Hence my question - I have always processed them together with other chips

Edited; - for ball count

Kurt


----------



## g_axelsson (Dec 19, 2018)

My bad, I thought it was two different models of rambus chips. Then the penalty of the price could be to pay for the extra work handling the metal shield.
But the thickness of the bond wires must be very specific for a certain model / era / manufacturer... but it's an older technology than the comparable DDR DIMM so maybe the thickness of the bond wires might have decreased over the years.

There isn't a lead frame on BGA chips that I'm aware of. It is only found in chips with legs.

Göran


----------



## kurtak (Dec 20, 2018)

g_axelsson said:


> There isn't a lead frame on BGA chips that I'm aware of.
> 
> Göran



"lead frame" my not be the thecnical term (I don't know) however there is a frame work of (copper) traces - the solder balls connect from the circuit board (RAM board) to the chip - the traces then lead to edge nearest the epoxy ribbon at the center of the chip - then the gold bond wires make the connection from that edge to the chip --- when looking at that edge with my 15X loop its gold plated & it looks just like the "fingers" on the RAM board (but VERY "small") each of those "fingers" has a bond wire connected to the copper leads (traces) which then connects to the chip (in that center epoxy ribbon)

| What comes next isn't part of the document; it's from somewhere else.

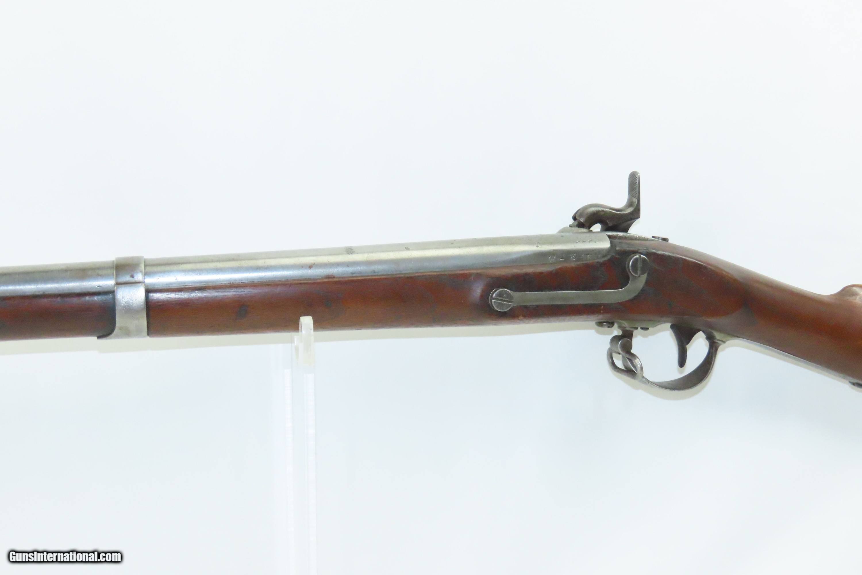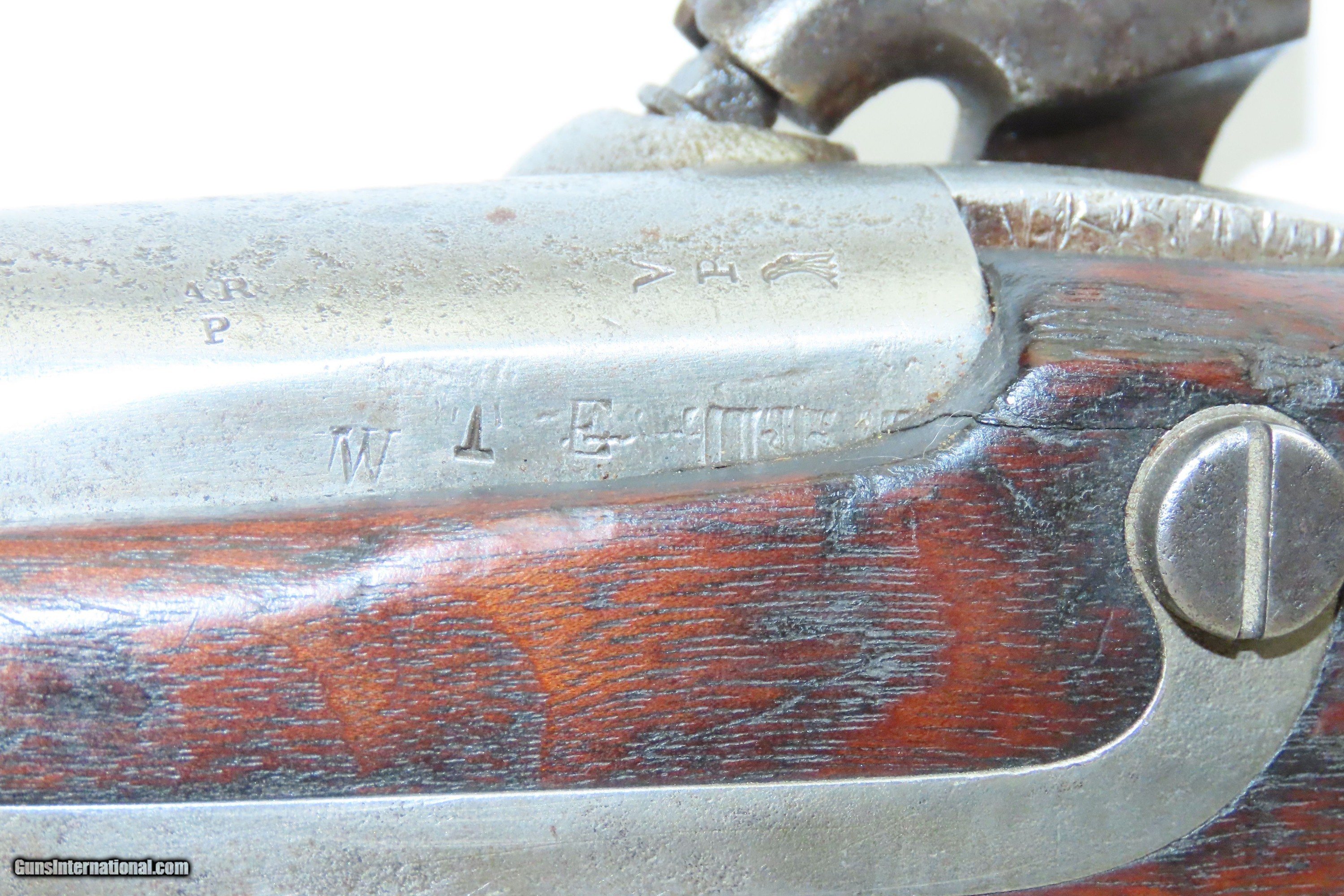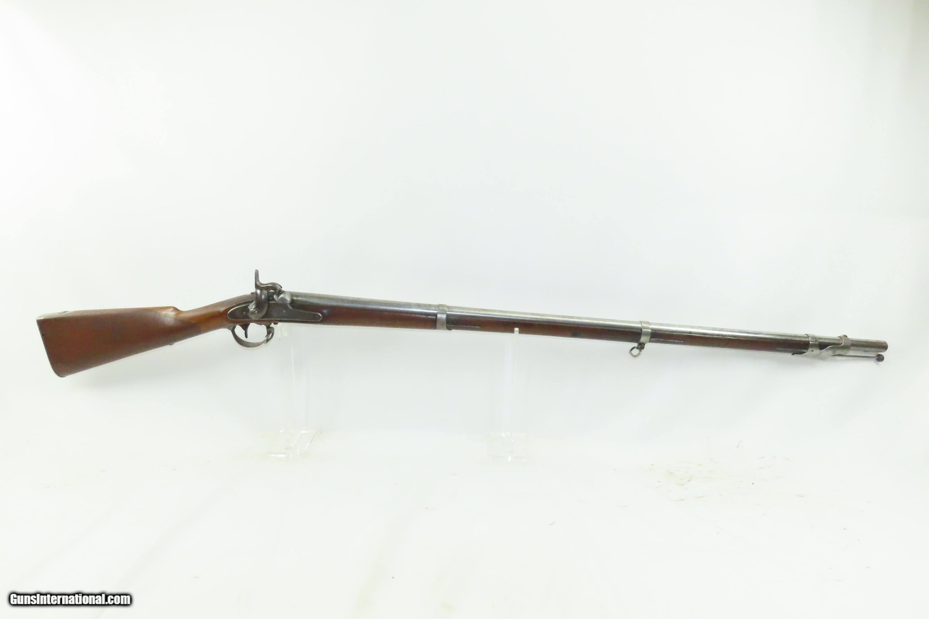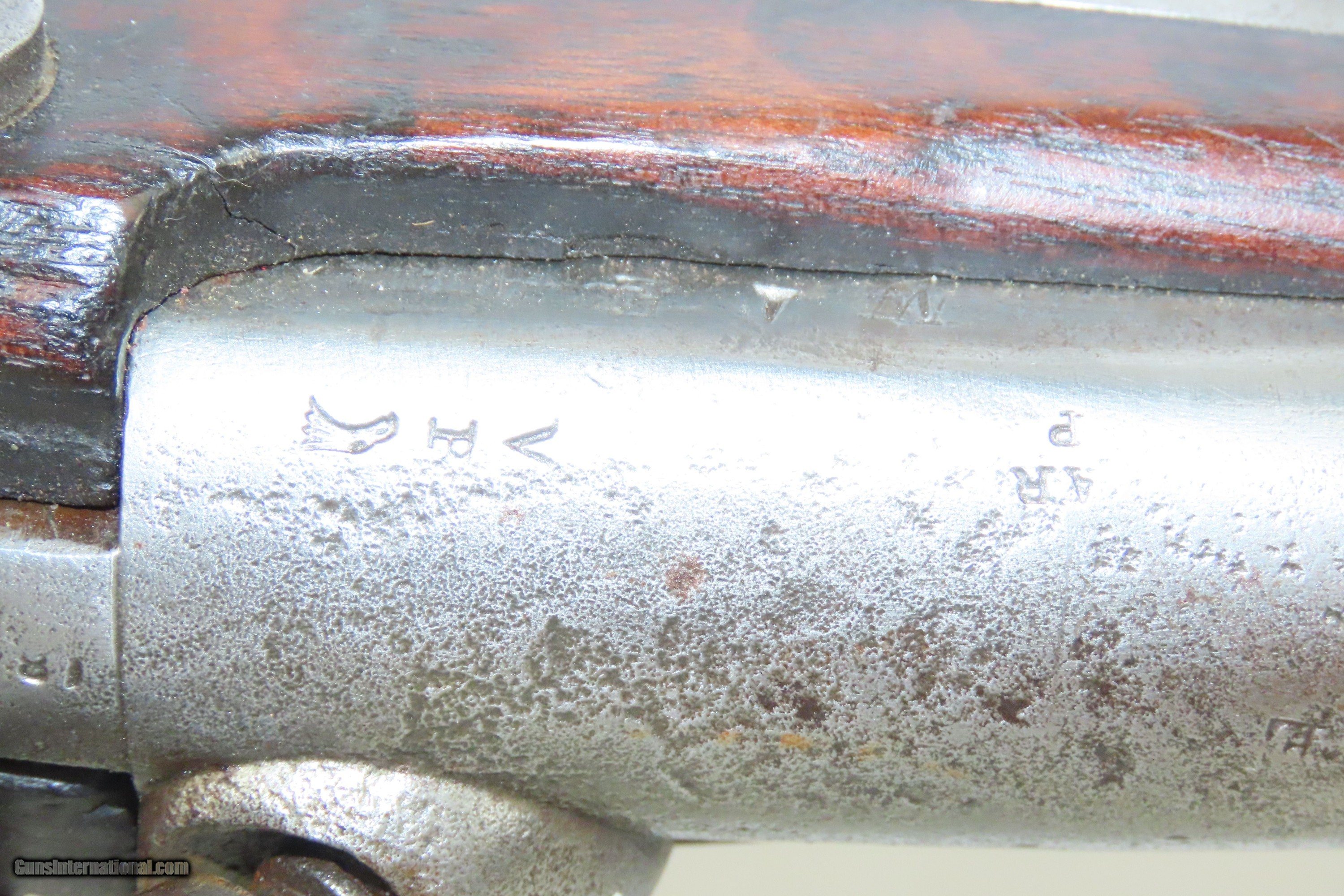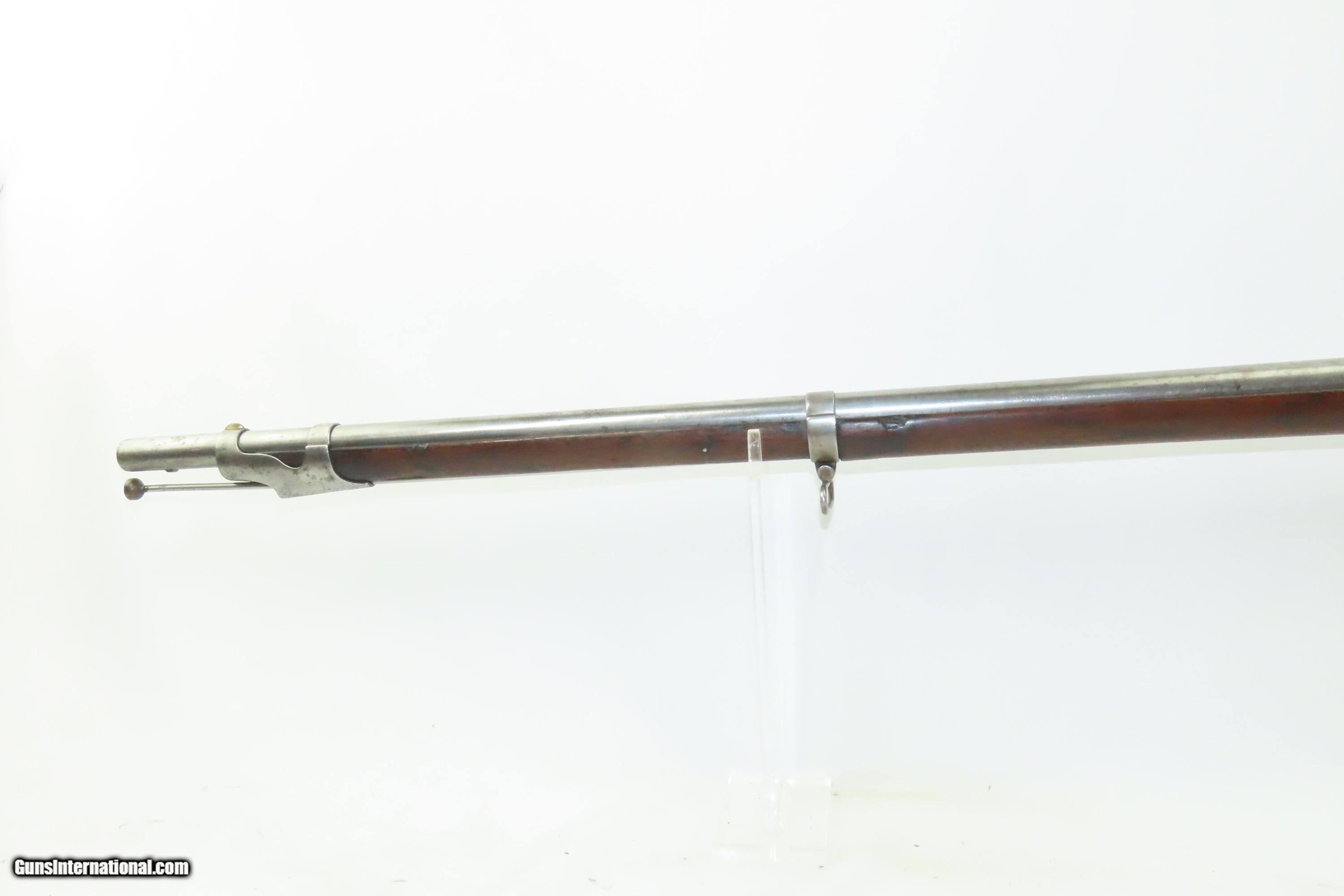 Description: MEXICAN-AMERICAN WAR Era Antique HARPERS FERRY U.S. M1842 Percussion MUSKET 1848 Dated and Used into the AMERICAN CIVIL WAR Here we present an antique Harpers Ferry U.S. Model 1842 Percussion Musket, manufactured circa 1848 in Harpers Ferry, Virginia. The Model 1842 was the first regulation percussion musket to be manufactured at both Springfield and Harpers Ferry Armories, as well as the first to be produced by both national armories with fully-interchangeable parts. These were also the last .69 caliber smoothbore arms to be produced by the U.S. government. Approximately 275,000 were manufactured between 1844 and 1855, with only one-third of these produced at Harpers Ferry. Along with usage during the Mexican-American War in 1846 through 1848, these would have been in the hands of local militia all over the antebellum United States and used by both combatants at the outbreak of the American Civil War. Both the original smoothbore version and the modified rifled version of the Model 1842 were used in the American Civil War. The smoothbore version was produced without sights (except for a cast one on the barrel band). When Model 1842 muskets were modified to have rifled barrels, sights were usually added at the same time as the rifling. The overall condition is good. The action is excellent. The bore is smooth and dim. The stock shows two faint cartouches, the numbers 15 and 42 have been stamped on the right side and 11 has been inscribed on the left. There is a very smooth graft repair from the back of the lock through the wrist and comb. Replacement ramrod. Own the original! This is a legitimate antique and not a reproduction. Barrel is 42 inches. Caliber: .69 Percussion Overall condition as seen in photos. Very Fast. Very Safe. FREE SHIPPING WORLDWIDE. Delivered directly to your door by express mail! Guaranteed AUTHENTIC & Includes CERTIFICATE OF AUTHENTICITY. ancestryguns $1600 #240126 SOLD Antique: Yes |

so maybe its called a trace frame instead of a lead frame

you can see the leads/traces with 15x loop & it looks just like a VERY small circuit board - sorry but this is the best pic I could do

Kurt


----------



## Tzoax (Dec 20, 2018)

kurtak said:


> g_axelsson said:
> 
> 
> > There isn't a lead frame on BGA chips that I'm aware of.
> ...



Kurt, i think you are talking about this:




They are very interesting for testing, i will start to collect them - but i rarely see them around.

Here is what i found based on model of chip from your picture (K4R571669A)...

In a package footprint picture - the outer solder balls connections are not included - i wonder why.


----------



## g_axelsson (Dec 20, 2018)

Kurt, I would call that a substrate or carrier but I can be wrong there. Lead frame on the other hand is a well defined concept in chip packaging that applies on the metal conductors used in plastic chip, providing mechanical strength, electrical pathways and thermal paths. Observe that heat spreaders in form of a copper sheet are not part of the lead frame. For the small circuit board inside a BGA I haven't heard any specific term.

The term lead frame makes a lot mote sense if you see one before the plastic is molded and the outer part (the frame) is trimmed off.
https://en.wikipedia.org/wiki/Lead_frame

The reason for the unconnected solder balls along the outer edges on a rambus chip is purely for mechanical strength. Without them the chip could easily tip in one direction or another and create a failed product.

Göran


----------